— Task description —
Make an exact copy of the listing underneath, skipping each picture.

— Extracted entries —
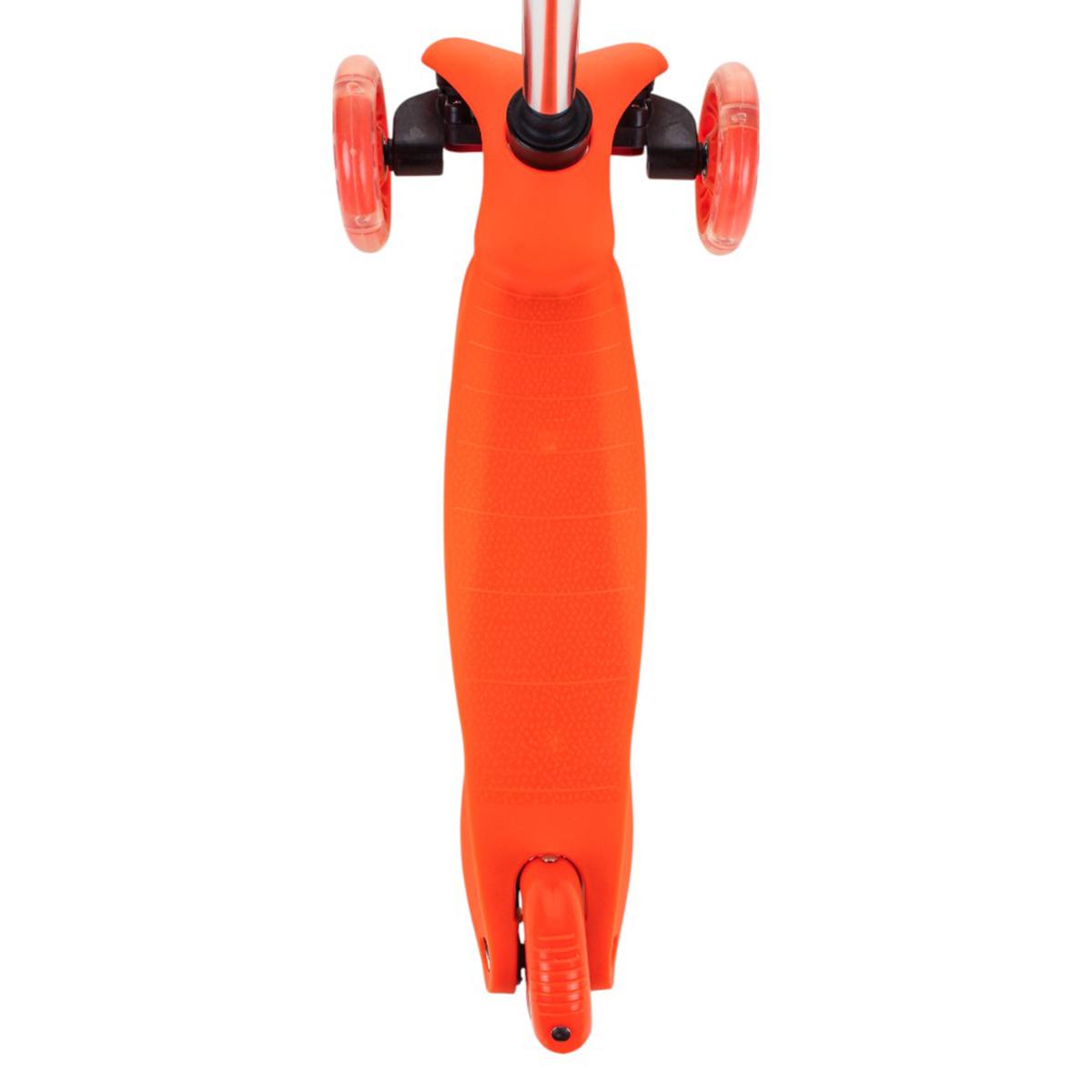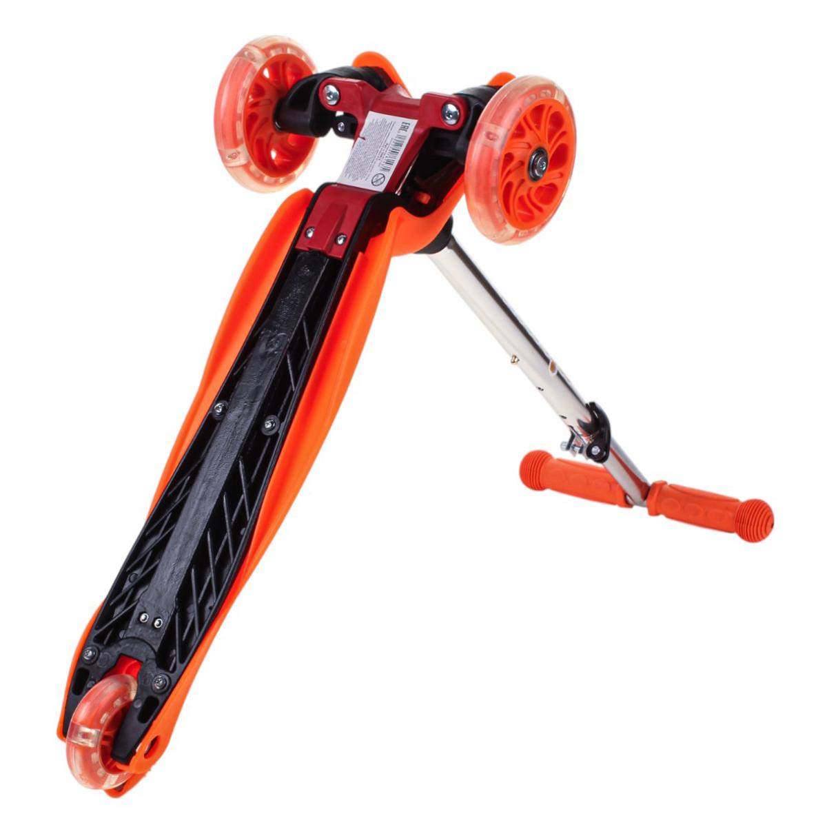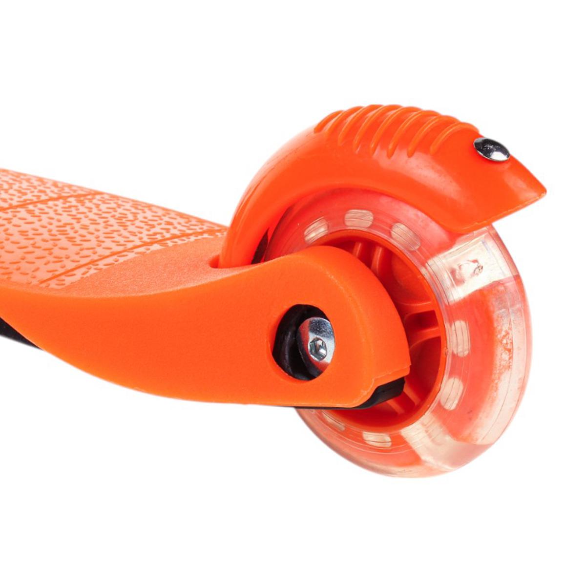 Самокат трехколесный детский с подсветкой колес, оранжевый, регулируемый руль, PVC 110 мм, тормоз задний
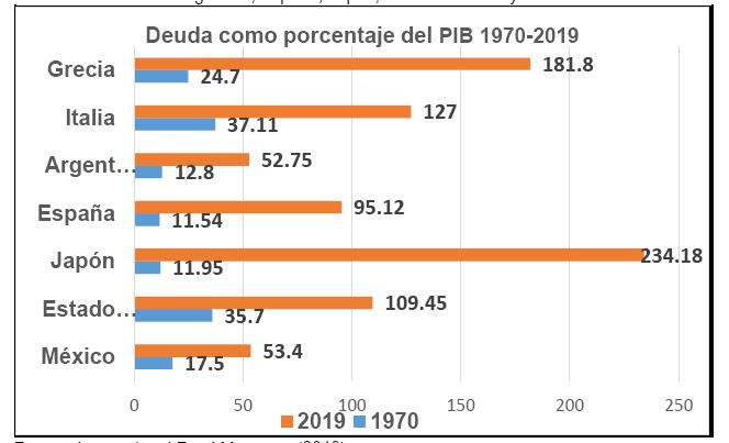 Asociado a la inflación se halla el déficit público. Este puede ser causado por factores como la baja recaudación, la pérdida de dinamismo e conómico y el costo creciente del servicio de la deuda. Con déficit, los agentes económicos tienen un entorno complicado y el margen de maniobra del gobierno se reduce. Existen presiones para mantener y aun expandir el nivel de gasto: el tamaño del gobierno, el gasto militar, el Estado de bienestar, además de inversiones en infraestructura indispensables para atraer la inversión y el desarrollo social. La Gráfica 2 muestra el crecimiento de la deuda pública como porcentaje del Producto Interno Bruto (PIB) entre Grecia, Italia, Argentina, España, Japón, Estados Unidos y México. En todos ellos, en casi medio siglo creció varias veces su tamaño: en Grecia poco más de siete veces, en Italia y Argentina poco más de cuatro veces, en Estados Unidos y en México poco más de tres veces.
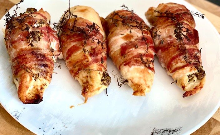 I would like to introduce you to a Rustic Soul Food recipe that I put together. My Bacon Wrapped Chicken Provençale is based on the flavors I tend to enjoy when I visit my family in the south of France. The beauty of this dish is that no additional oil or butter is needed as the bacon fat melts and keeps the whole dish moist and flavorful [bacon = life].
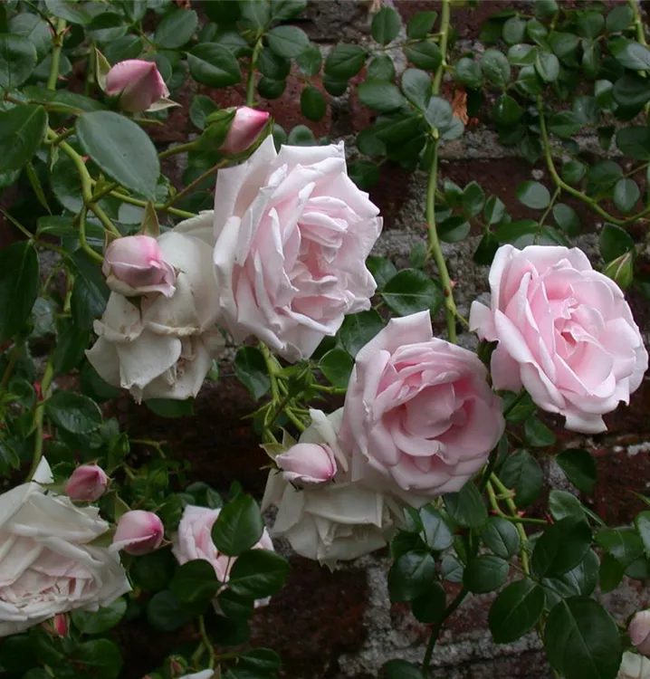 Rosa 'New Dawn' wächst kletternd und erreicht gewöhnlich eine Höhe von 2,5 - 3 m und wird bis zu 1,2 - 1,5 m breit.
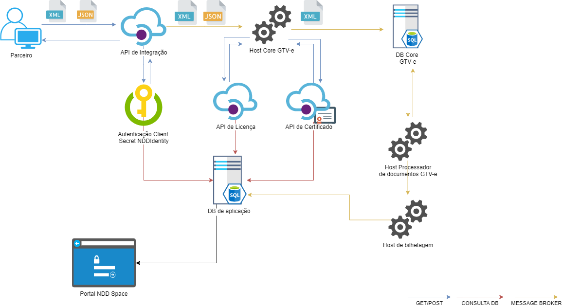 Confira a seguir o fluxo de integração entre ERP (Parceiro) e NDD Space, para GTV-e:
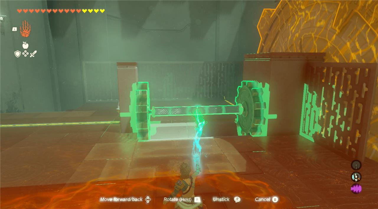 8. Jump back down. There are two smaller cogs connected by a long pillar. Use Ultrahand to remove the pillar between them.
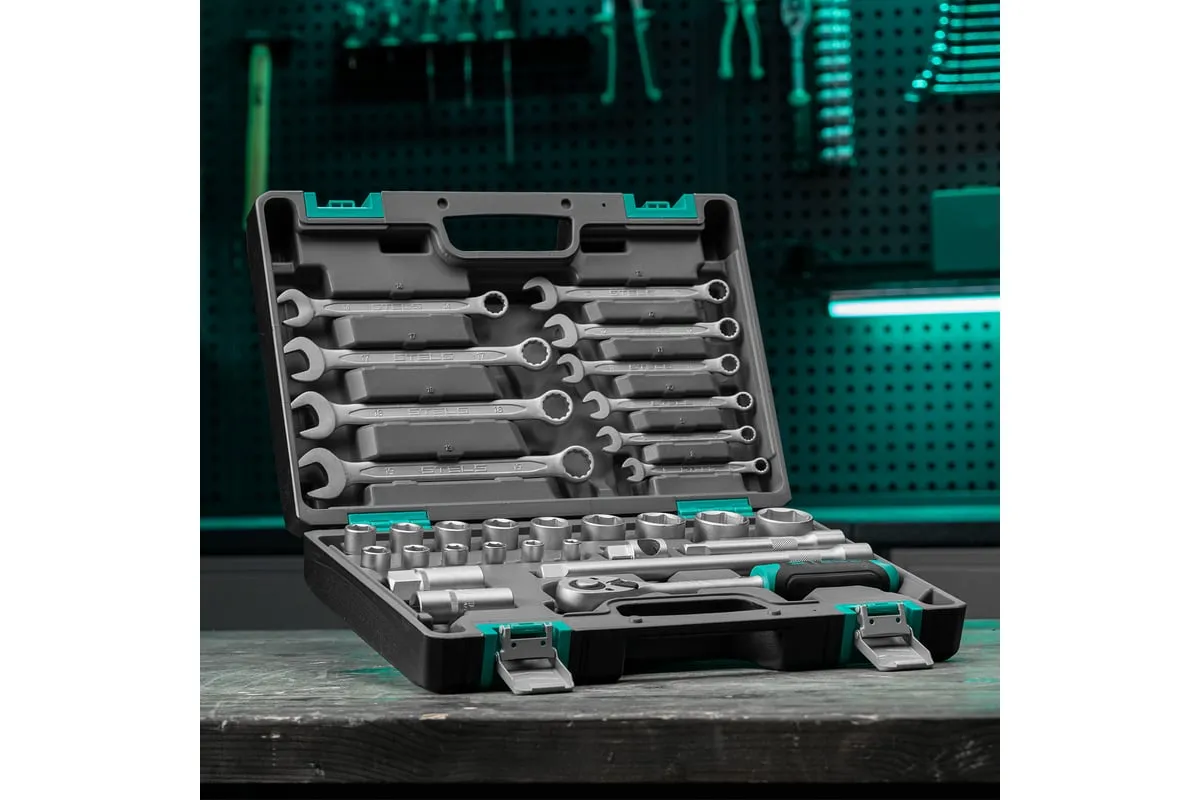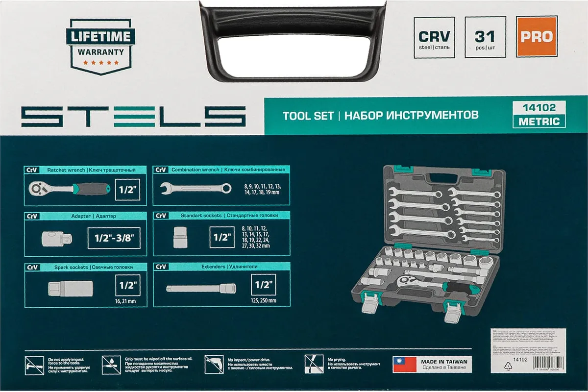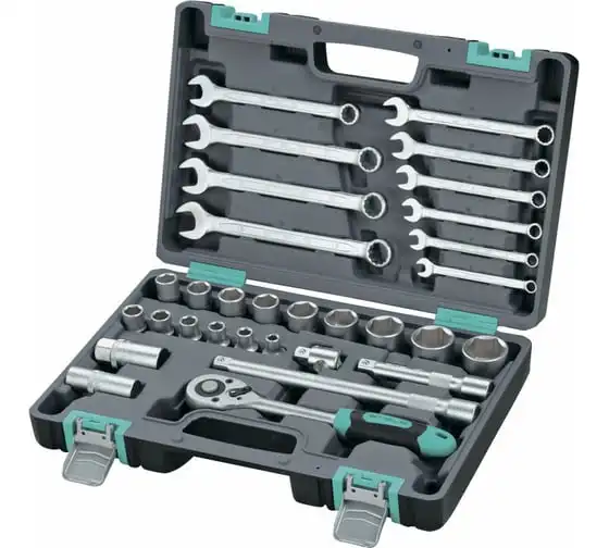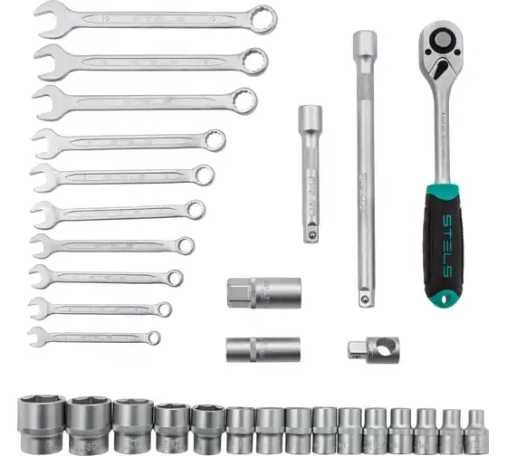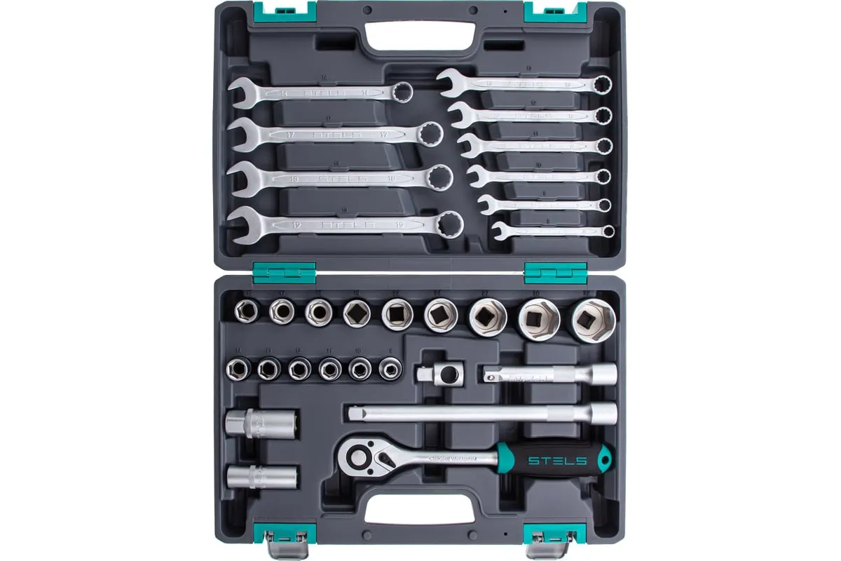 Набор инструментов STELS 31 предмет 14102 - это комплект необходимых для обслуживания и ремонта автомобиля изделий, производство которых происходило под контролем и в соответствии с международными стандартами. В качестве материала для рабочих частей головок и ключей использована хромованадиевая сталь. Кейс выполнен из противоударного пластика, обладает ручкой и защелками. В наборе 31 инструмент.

— Response —
 Самокат трехколесный детский с подсветкой колес, оранжевый, регулируемый руль, PVC 110 мм, тормоз задний
 Asociado a la inflación se halla el déficit público. Este puede ser causado por factores como la baja recaudación, la pérdida de dinamismo e conómico y el costo creciente del servicio de la deuda. Con déficit, los agentes económicos tienen un entorno complicado y el margen de maniobra del gobierno se reduce. Existen presiones para mantener y aun expandir el nivel de gasto: el tamaño del gobierno, el gasto militar, el Estado de bienestar, además de inversiones en infraestructura indispensables para atraer la inversión y el desarrollo social. La Gráfica 2 muestra el crecimiento de la deuda pública como porcentaje del Producto Interno Bruto (PIB) entre Grecia, Italia, Argentina, España, Japón, Estados Unidos y México. En todos ellos, en casi medio siglo creció varias veces su tamaño: en Grecia poco más de siete veces, en Italia y Argentina poco más de cuatro veces, en Estados Unidos y en México poco más de tres veces.
 I would like to introduce you to a Rustic Soul Food recipe that I put together. My Bacon Wrapped Chicken Provençale is based on the flavors I tend to enjoy when I visit my family in the south of France. The beauty of this dish is that no additional oil or butter is needed as the bacon fat melts and keeps the whole dish moist and flavorful [bacon = life].
 Rosa 'New Dawn' wächst kletternd und erreicht gewöhnlich eine Höhe von 2,5 - 3 m und wird bis zu 1,2 - 1,5 m breit.
 Confira a seguir o fluxo de integração entre ERP (Parceiro) e NDD Space, para GTV-e:
 8. Jump back down. There are two smaller cogs connected by a long pillar. Use Ultrahand to remove the pillar between them.
 Набор инструментов STELS 31 предмет 14102 - это комплект необходимых для обслуживания и ремонта автомобиля изделий, производство которых происходило под контролем и в соответствии с международными стандартами. В качестве материала для рабочих частей головок и ключей использована хромованадиевая сталь. Кейс выполнен из противоударного пластика, обладает ручкой и защелками. В наборе 31 инструмент.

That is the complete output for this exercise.